* EXERCISE DETAILS *
Only the lines from the one containing "2月非农将成为判定美国经济韧" to the end of the data below belong in the answer, each repeated exactly; no pictures.

* INPUT FOR THIS TASK *
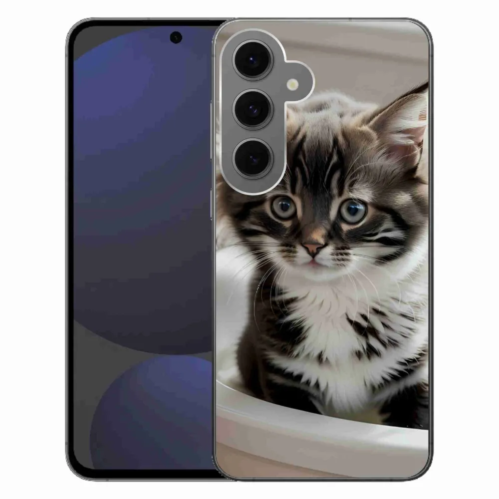 Mačacie púzdro na Samsung Galaxy S24 FE - zvedavé mačiatko poskytuje všetky výhody gélových obalov, a to v zaujímavom dizajne.
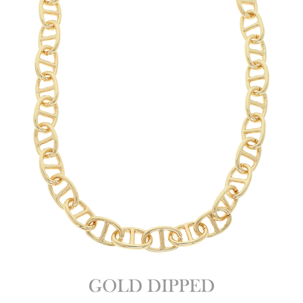 POLISHED SODA TAB LINK CHAIN NECKLACE IN YELLOW GOLD PLATING
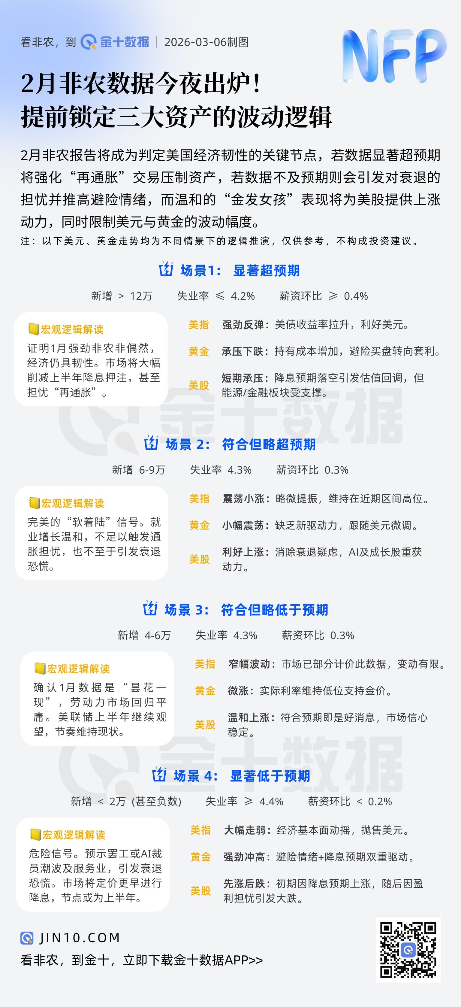 2月非农将成为判定美国经济韧性的关键节点。美元、黄金、美股在不同情景下将如何波动?一图看懂逻辑推演!
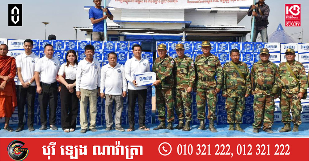ក្រុមសេនាតេជោសន្តិភាព នាំយកទឹកបរិសុទ្ធកម្ពុជាចំនួន ១ ០០០កេស ជូនវីរកងទ័ព និងវីរនគបាលជាតិ ឈរជើងនៅជួរមុខប្រចាំនៅទិសខេត្តបន្ទាយមានជ័យ
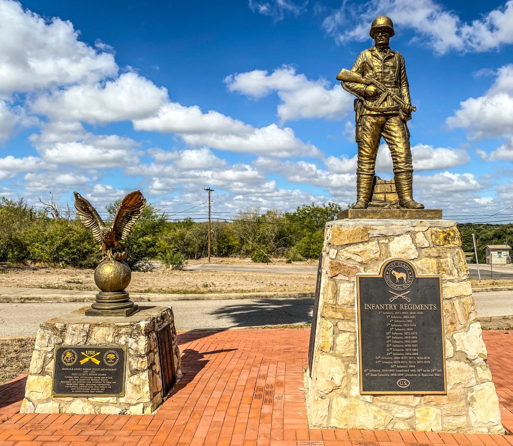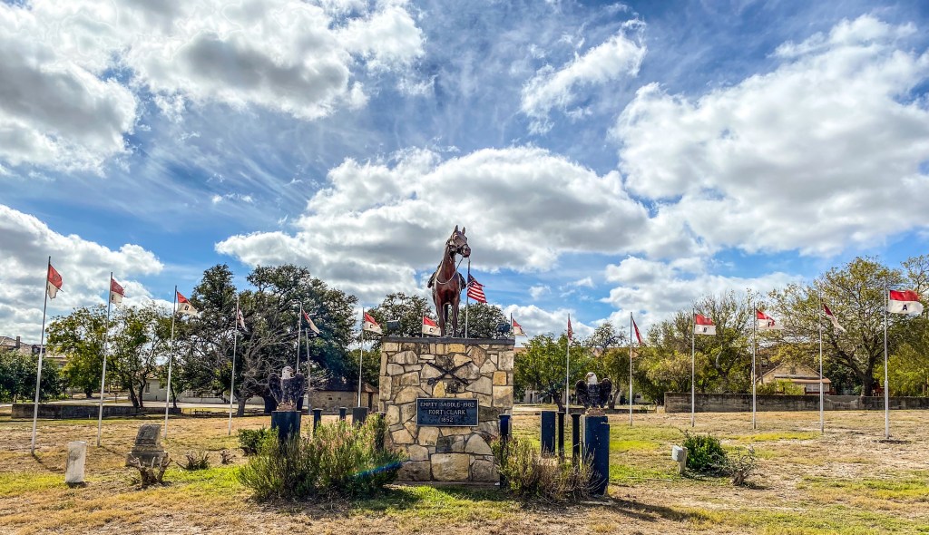 Fort Clark was established in 1852 at Las Moras Springs and was active until World War II. Initially, the spring was a stopping place on the great Comanche Trail into Mexico as it was considered a lifeline for a multitude of cultures and wildlife; however, the government recognized the fort’s potential to control travel to El Paso and prevent attacks from the Comanches, Apaches and other tribes on either side of the Rio Grande. In 1947, Fort Clark was the calvary fort and home of the famed Black Seminole Indian Scouts, as well as every historic Buffalo Soldier regiment in the US Army.

* EXPECTED ANSWER *
 2月非农将成为判定美国经济韧性的关键节点。美元、黄金、美股在不同情景下将如何波动?一图看懂逻辑推演!
ក្រុមសេនាតេជោសន្តិភាព នាំយកទឹកបរិសុទ្ធកម្ពុជាចំនួន ១ ០០០កេស ជូនវីរកងទ័ព និងវីរនគបាលជាតិ ឈរជើងនៅជួរមុខប្រចាំនៅទិសខេត្តបន្ទាយមានជ័យ
 Fort Clark was established in 1852 at Las Moras Springs and was active until World War II. Initially, the spring was a stopping place on the great Comanche Trail into Mexico as it was considered a lifeline for a multitude of cultures and wildlife; however, the government recognized the fort’s potential to control travel to El Paso and prevent attacks from the Comanches, Apaches and other tribes on either side of the Rio Grande. In 1947, Fort Clark was the calvary fort and home of the famed Black Seminole Indian Scouts, as well as every historic Buffalo Soldier regiment in the US Army.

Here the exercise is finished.